Records supplied:
• • •
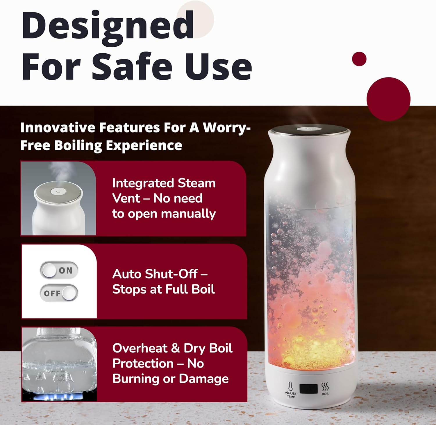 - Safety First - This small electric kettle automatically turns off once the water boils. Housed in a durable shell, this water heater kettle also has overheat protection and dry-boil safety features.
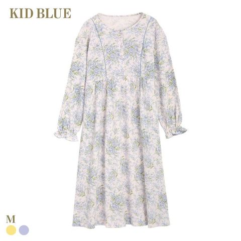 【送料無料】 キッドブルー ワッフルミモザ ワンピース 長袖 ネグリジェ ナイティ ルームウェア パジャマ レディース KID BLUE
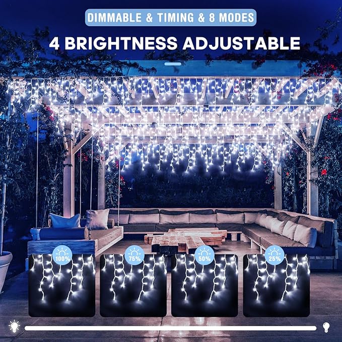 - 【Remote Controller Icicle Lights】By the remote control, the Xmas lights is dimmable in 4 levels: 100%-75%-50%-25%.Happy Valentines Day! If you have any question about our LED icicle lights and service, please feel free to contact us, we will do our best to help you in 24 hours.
• • •
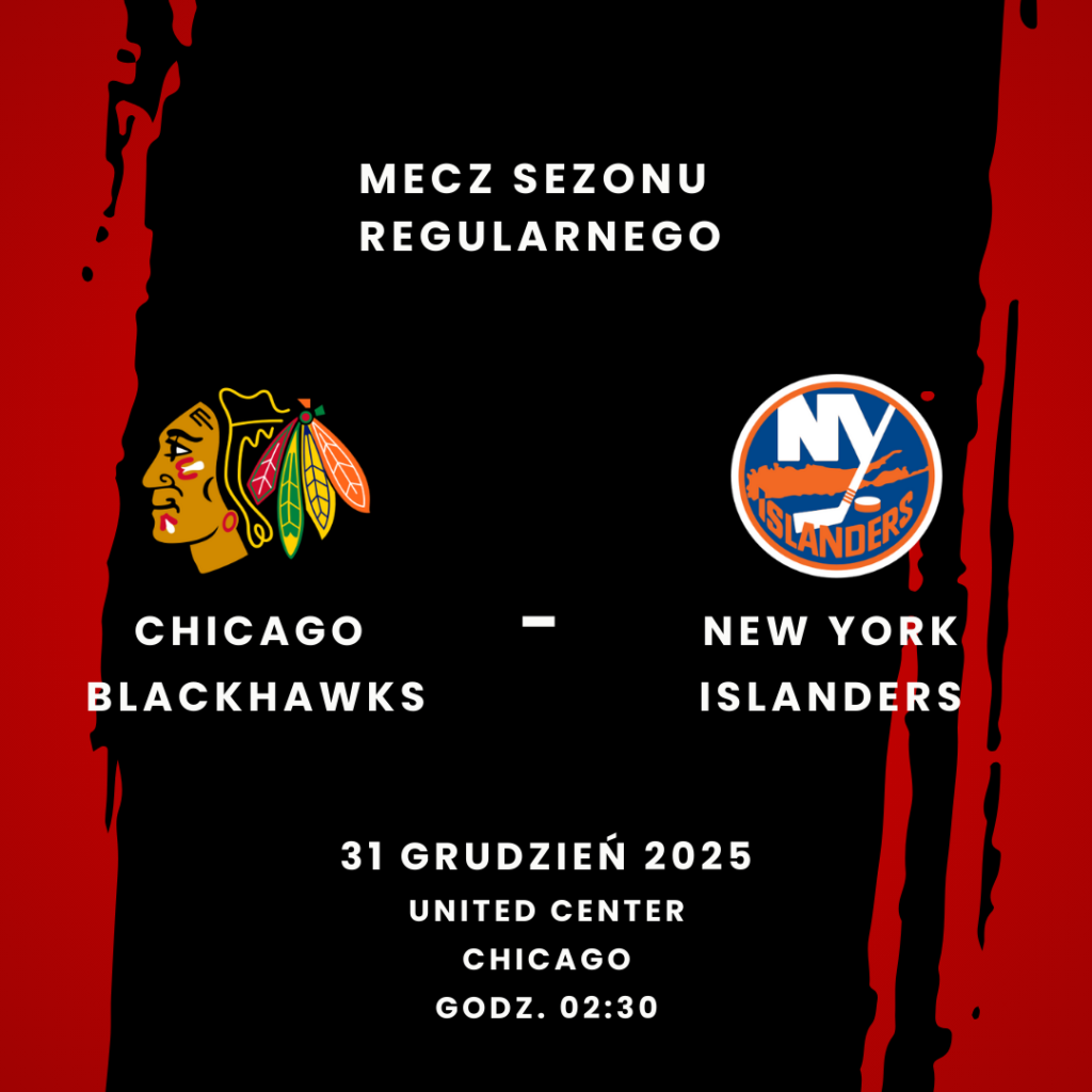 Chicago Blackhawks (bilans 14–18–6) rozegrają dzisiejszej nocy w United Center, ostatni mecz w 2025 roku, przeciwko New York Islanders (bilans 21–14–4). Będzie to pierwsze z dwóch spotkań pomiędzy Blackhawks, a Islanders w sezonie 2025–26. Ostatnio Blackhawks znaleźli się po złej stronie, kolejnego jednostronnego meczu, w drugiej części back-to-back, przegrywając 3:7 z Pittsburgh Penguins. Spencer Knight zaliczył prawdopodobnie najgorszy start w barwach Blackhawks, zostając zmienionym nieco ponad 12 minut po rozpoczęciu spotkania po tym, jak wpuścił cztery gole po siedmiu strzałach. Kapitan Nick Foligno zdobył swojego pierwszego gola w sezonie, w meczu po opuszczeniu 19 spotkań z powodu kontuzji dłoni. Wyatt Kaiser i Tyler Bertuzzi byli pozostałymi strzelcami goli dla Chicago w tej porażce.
• • •
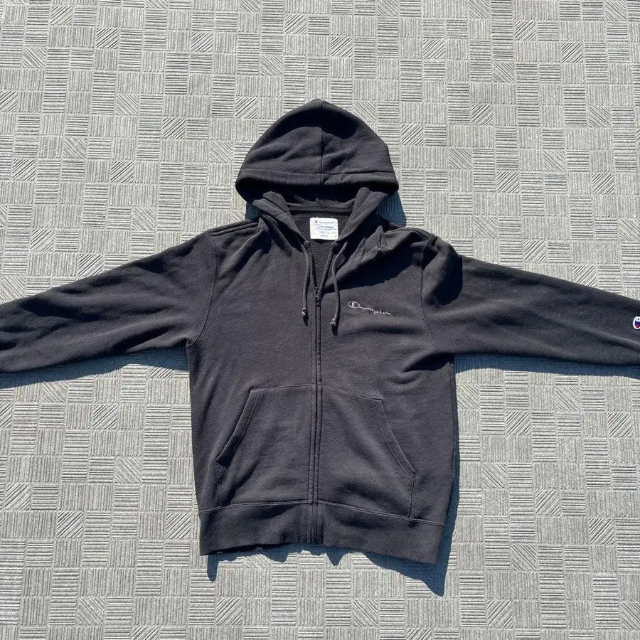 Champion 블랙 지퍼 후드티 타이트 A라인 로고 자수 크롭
• • •
What you write must match the listing exactly, from the line with "レディース KID BLUE" up to and including the line with "- 【Remote Controller". Pictures stay out.

Task output:
 【送料無料】 キッドブルー ワッフルミモザ ワンピース 長袖 ネグリジェ ナイティ ルームウェア パジャマ レディース KID BLUE
 - 【Remote Controller Icicle Lights】By the remote control, the Xmas lights is dimmable in 4 levels: 100%-75%-50%-25%.Happy Valentines Day! If you have any question about our LED icicle lights and service, please feel free to contact us, we will do our best to help you in 24 hours.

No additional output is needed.